Within the entries below, output exactly the lines between the line containing "高汤在汤锅里加热,并确保在煮饭的过程中保持微沸的状态" and the line containing "A slim, durable", inclusive, and omit any picture.

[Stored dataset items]
—————

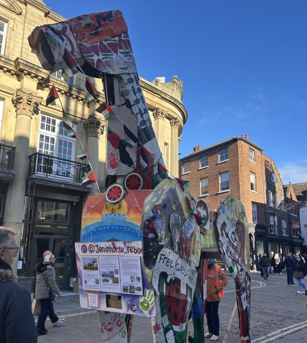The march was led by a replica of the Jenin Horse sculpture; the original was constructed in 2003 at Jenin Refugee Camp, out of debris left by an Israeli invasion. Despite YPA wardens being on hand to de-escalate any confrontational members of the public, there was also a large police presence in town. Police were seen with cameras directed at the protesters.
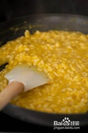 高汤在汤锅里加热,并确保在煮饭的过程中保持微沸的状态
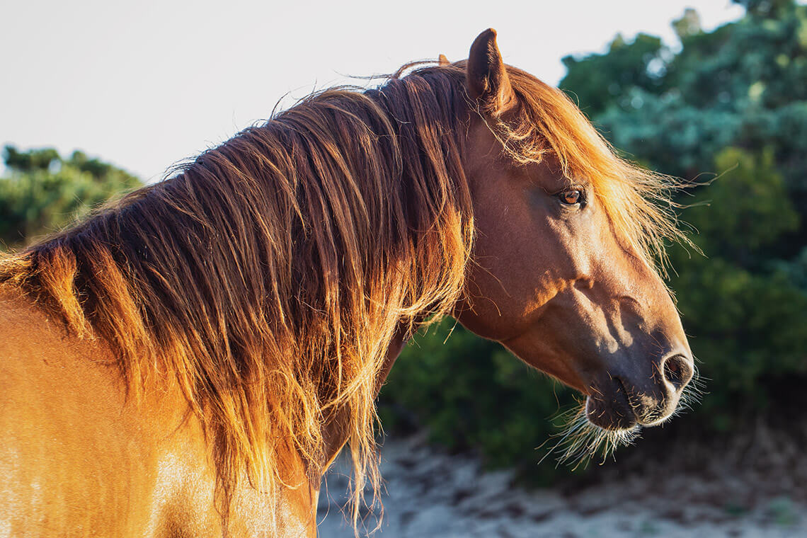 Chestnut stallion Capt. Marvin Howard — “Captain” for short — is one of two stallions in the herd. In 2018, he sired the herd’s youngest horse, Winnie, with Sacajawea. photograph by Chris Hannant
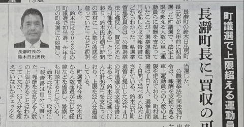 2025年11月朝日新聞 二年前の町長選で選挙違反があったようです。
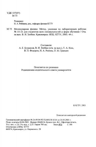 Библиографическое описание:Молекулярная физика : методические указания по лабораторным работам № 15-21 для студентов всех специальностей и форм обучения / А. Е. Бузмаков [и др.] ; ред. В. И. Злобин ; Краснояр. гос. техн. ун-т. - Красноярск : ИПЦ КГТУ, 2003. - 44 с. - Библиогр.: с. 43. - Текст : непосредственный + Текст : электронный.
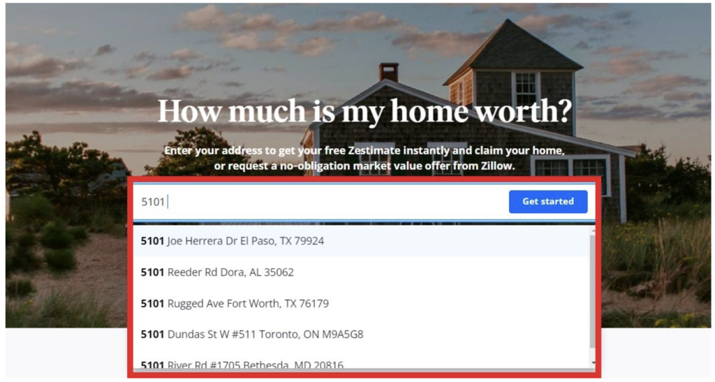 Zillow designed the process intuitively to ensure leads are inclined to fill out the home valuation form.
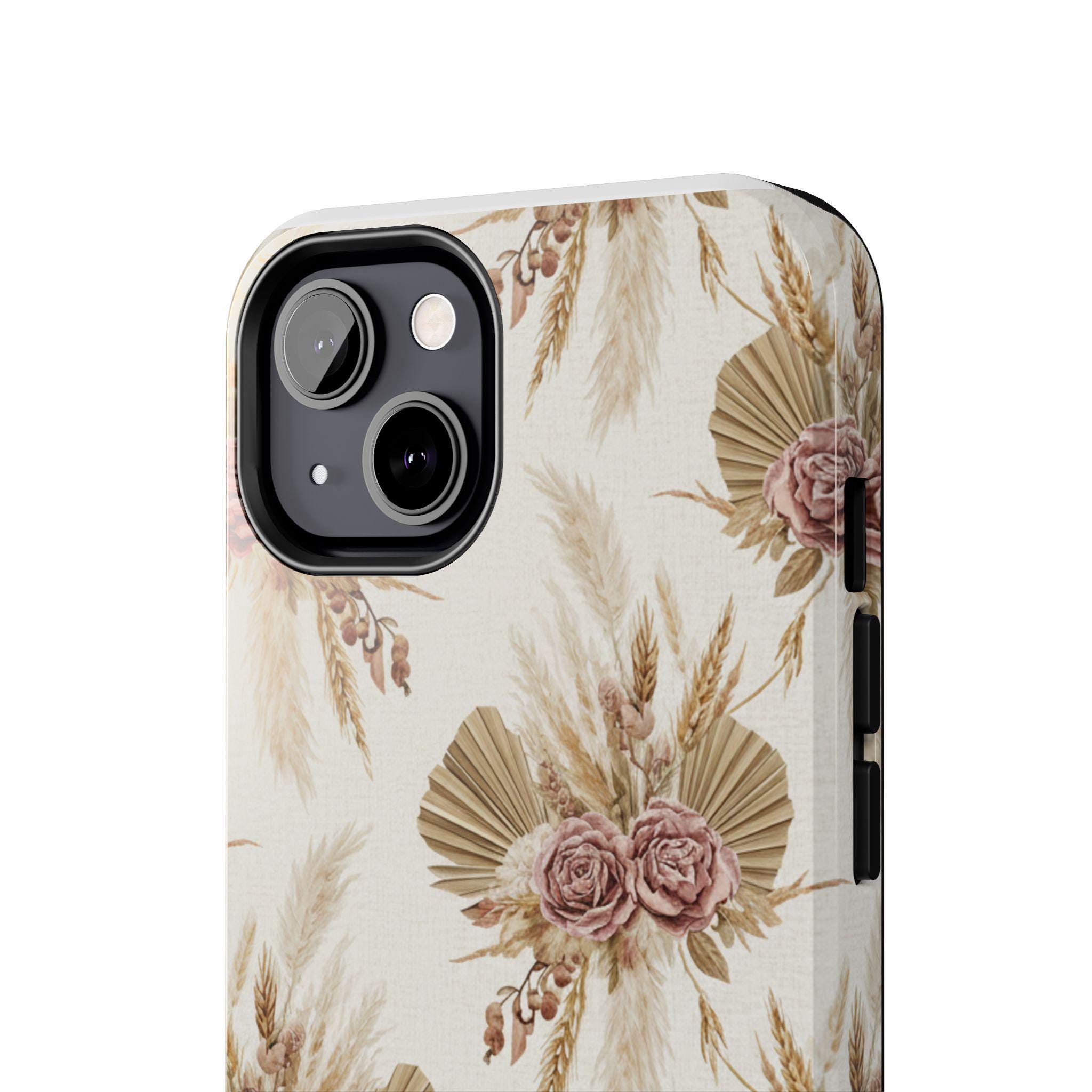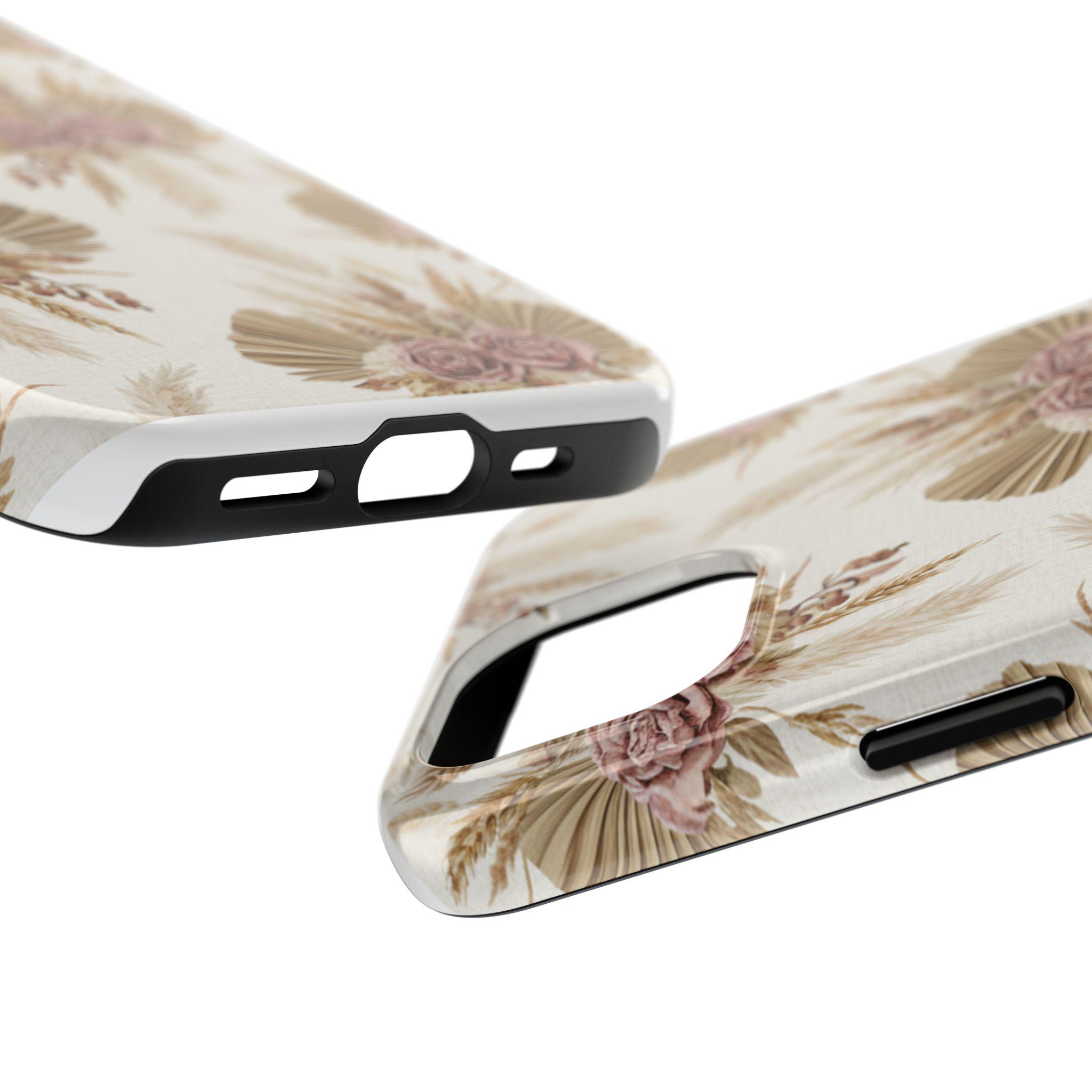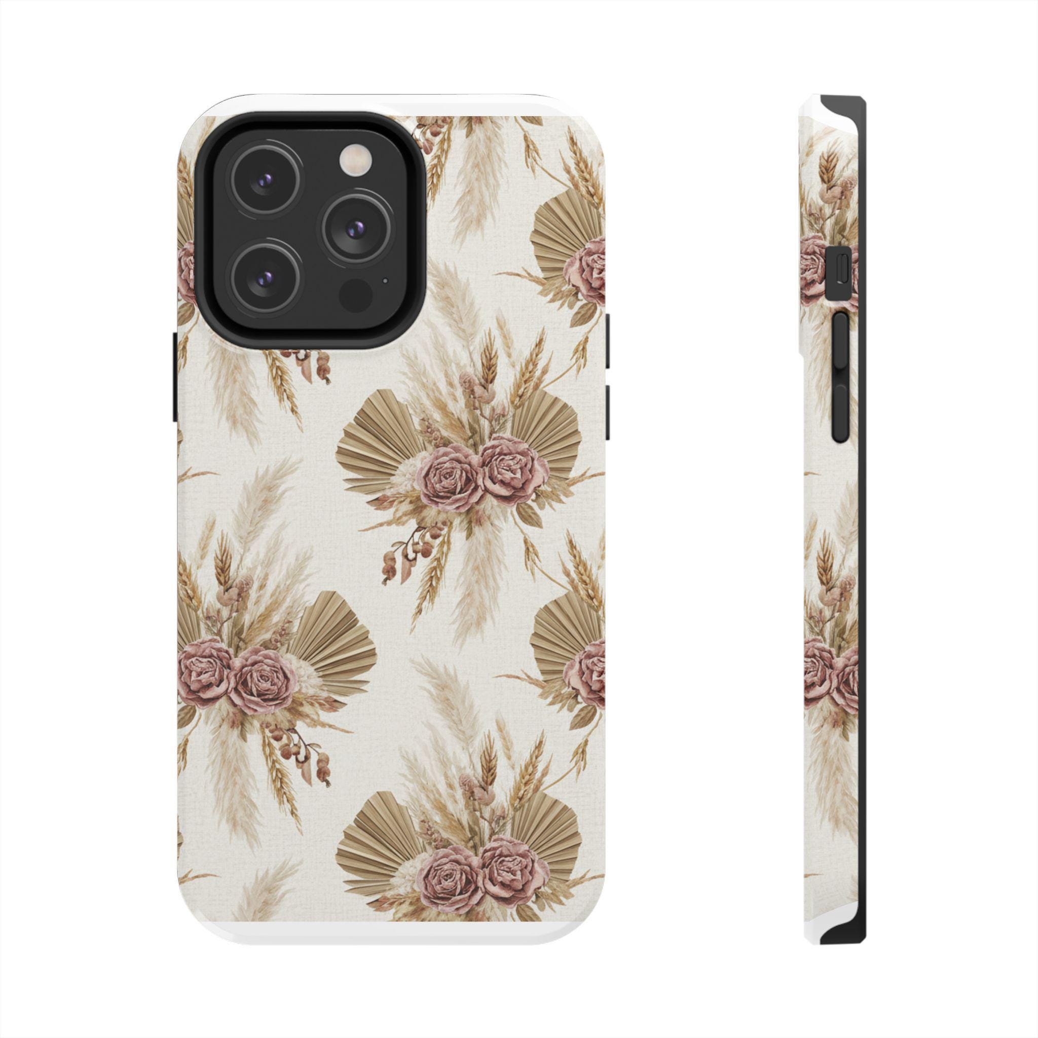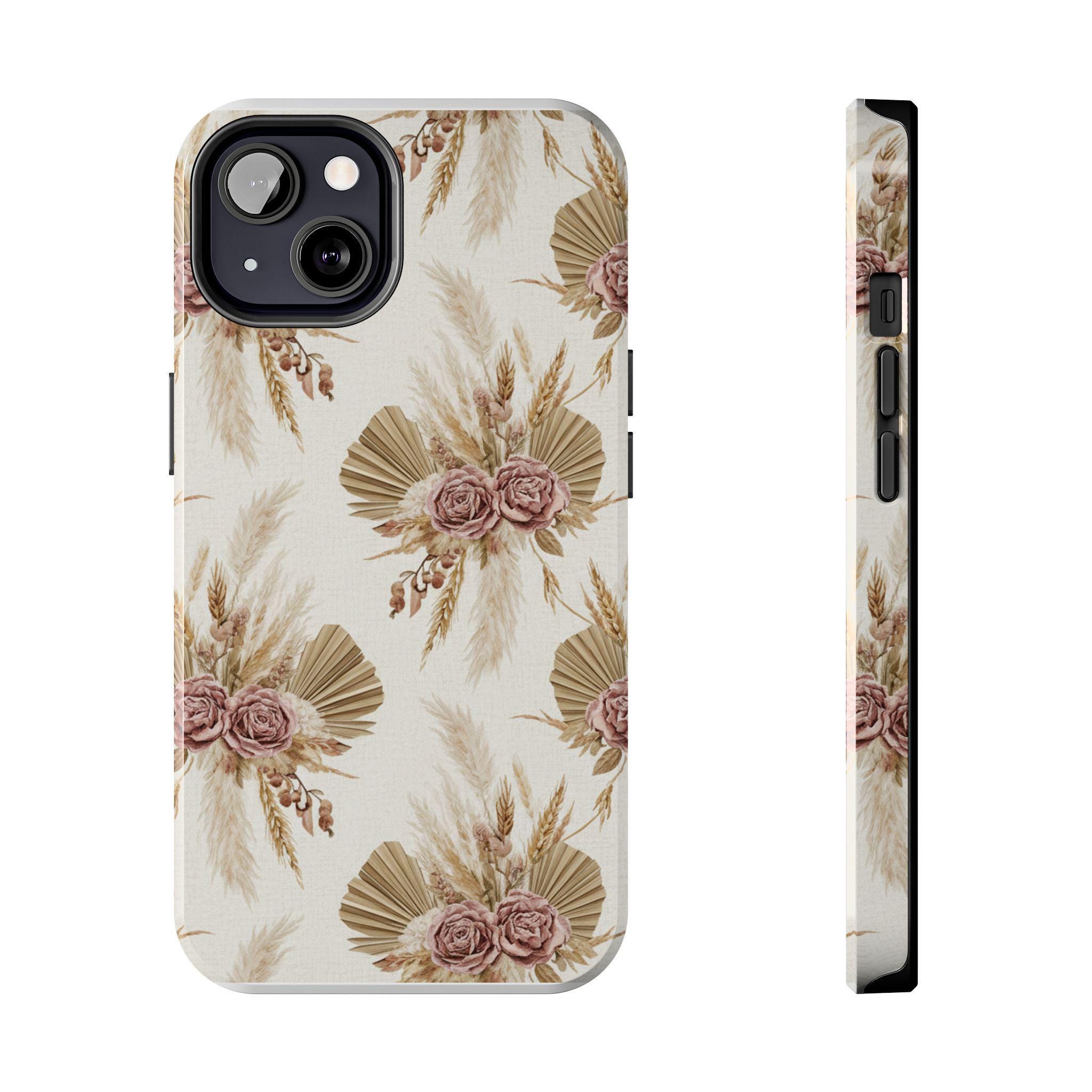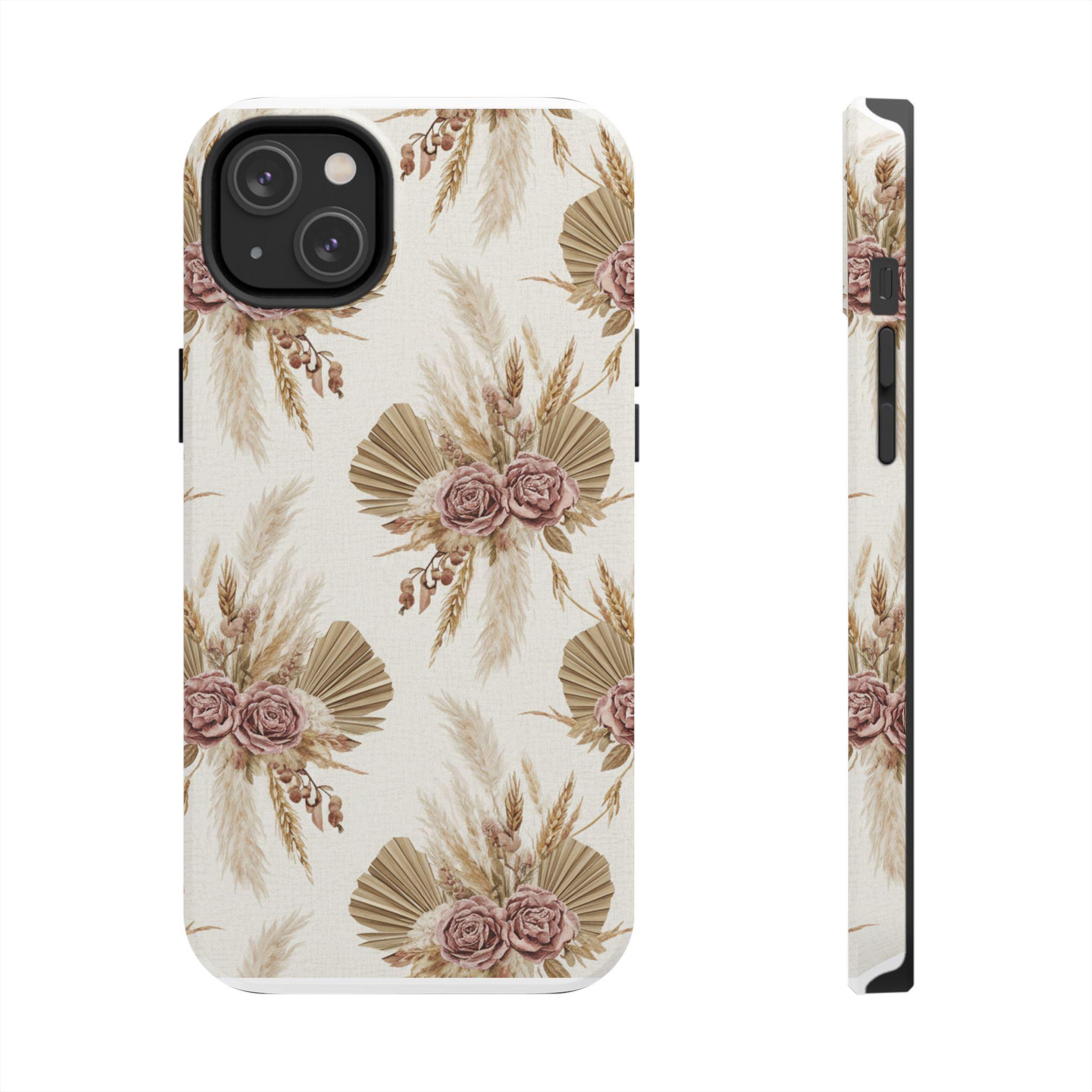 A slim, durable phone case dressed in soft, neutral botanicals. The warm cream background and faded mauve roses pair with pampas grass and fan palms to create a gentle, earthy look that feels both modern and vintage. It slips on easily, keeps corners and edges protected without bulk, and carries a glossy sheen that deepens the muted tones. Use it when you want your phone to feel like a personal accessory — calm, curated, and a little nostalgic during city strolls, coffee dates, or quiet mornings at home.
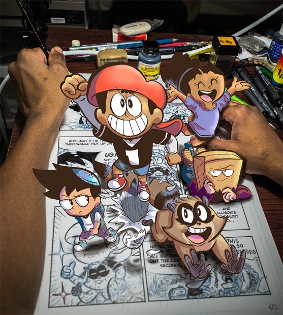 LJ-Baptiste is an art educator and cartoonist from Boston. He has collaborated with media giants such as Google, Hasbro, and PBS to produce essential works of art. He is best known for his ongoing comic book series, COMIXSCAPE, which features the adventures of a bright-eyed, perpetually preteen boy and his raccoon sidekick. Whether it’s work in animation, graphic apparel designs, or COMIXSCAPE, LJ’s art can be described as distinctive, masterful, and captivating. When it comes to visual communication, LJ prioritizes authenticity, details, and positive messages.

—————

_Your solution_:
 高汤在汤锅里加热,并确保在煮饭的过程中保持微沸的状态
 Chestnut stallion Capt. Marvin Howard — “Captain” for short — is one of two stallions in the herd. In 2018, he sired the herd’s youngest horse, Winnie, with Sacajawea. photograph by Chris Hannant
 2025年11月朝日新聞 二年前の町長選で選挙違反があったようです。
 Библиографическое описание:Молекулярная физика : методические указания по лабораторным работам № 15-21 для студентов всех специальностей и форм обучения / А. Е. Бузмаков [и др.] ; ред. В. И. Злобин ; Краснояр. гос. техн. ун-т. - Красноярск : ИПЦ КГТУ, 2003. - 44 с. - Библиогр.: с. 43. - Текст : непосредственный + Текст : электронный.
 Zillow designed the process intuitively to ensure leads are inclined to fill out the home valuation form.
 A slim, durable phone case dressed in soft, neutral botanicals. The warm cream background and faded mauve roses pair with pampas grass and fan palms to create a gentle, earthy look that feels both modern and vintage. It slips on easily, keeps corners and edges protected without bulk, and carries a glossy sheen that deepens the muted tones. Use it when you want your phone to feel like a personal accessory — calm, curated, and a little nostalgic during city strolls, coffee dates, or quiet mornings at home.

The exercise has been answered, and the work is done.